**DATA:**
·····

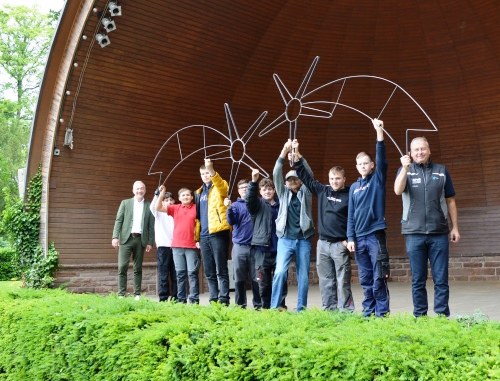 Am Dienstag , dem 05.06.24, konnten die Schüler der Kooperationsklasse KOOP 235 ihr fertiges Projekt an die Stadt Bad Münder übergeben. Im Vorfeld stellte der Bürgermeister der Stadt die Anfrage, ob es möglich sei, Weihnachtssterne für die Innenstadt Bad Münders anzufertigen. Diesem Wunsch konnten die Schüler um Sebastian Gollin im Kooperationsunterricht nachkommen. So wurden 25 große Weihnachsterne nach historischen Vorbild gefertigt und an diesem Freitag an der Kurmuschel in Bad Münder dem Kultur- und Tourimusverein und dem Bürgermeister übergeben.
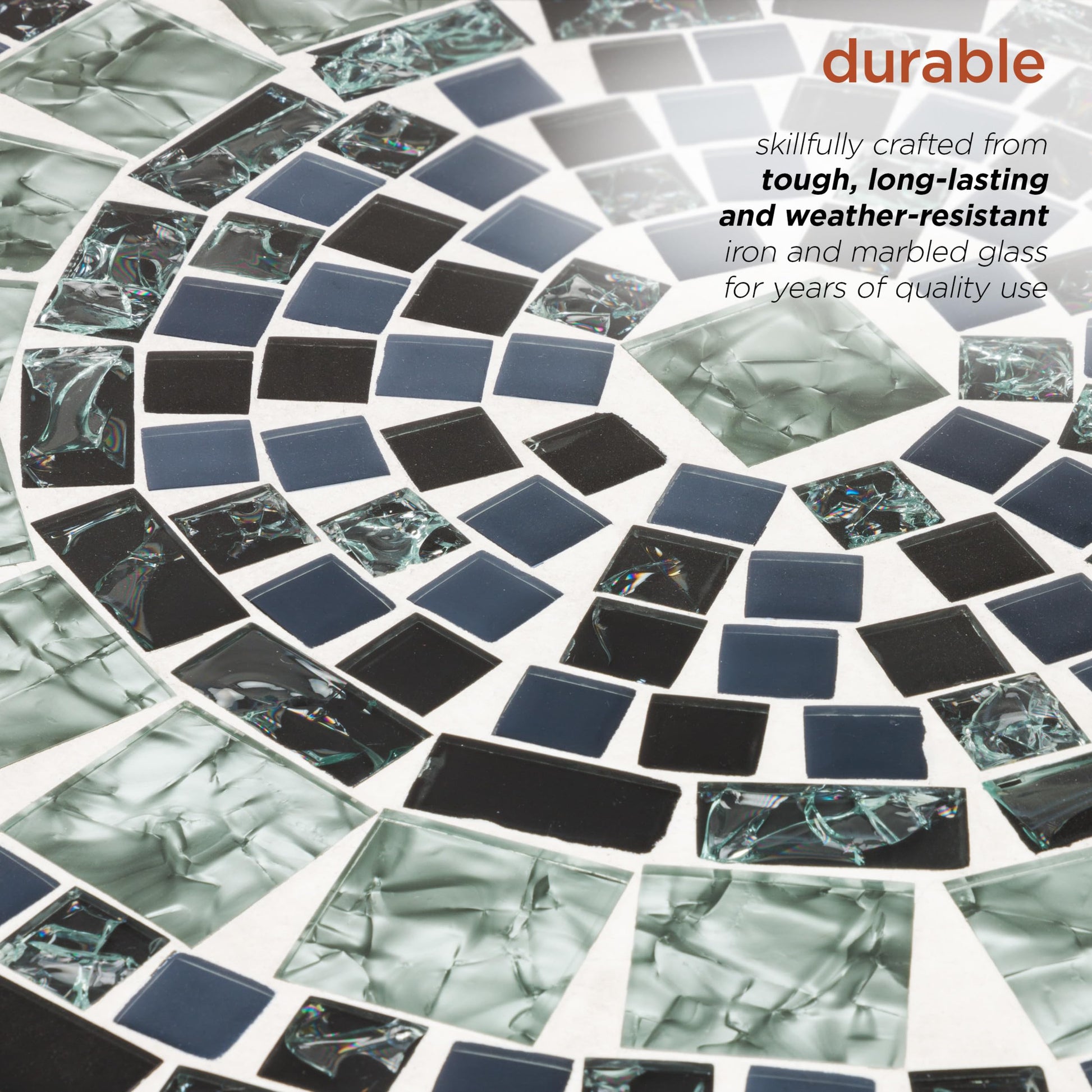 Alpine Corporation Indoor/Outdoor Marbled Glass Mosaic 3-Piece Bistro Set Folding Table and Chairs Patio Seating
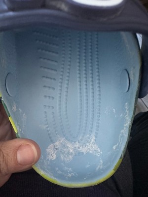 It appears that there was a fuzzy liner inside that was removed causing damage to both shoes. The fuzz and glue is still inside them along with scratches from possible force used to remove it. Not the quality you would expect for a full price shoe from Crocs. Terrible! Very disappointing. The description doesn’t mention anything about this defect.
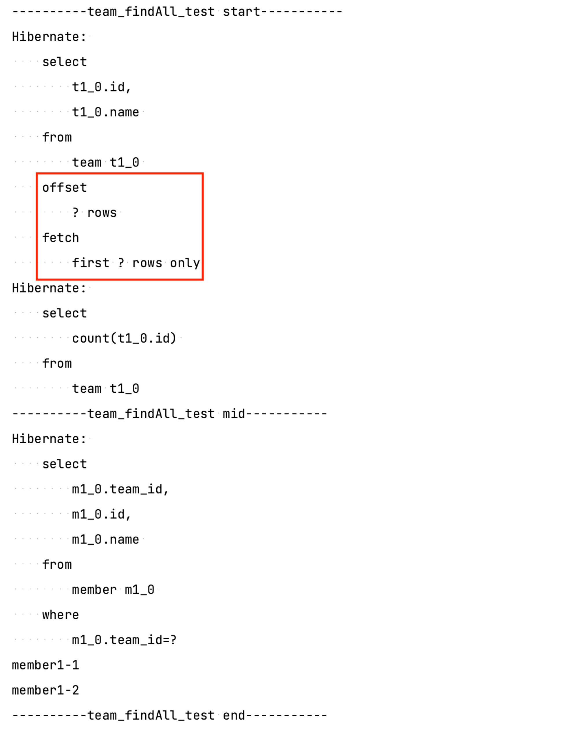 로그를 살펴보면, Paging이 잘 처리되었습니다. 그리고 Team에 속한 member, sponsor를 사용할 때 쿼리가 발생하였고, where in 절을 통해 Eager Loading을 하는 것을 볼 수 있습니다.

·····

**PROBLEM STATEMENT:** Write out word for word the lines above that run from the one with "Alpine Corporation Indoor/Outdoor" to the one with "It appears that". Include both end lines; exclude the images.

**RESPONSE:**
 Alpine Corporation Indoor/Outdoor Marbled Glass Mosaic 3-Piece Bistro Set Folding Table and Chairs Patio Seating
 It appears that there was a fuzzy liner inside that was removed causing damage to both shoes. The fuzz and glue is still inside them along with scratches from possible force used to remove it. Not the quality you would expect for a full price shoe from Crocs. Terrible! Very disappointing. The description doesn’t mention anything about this defect.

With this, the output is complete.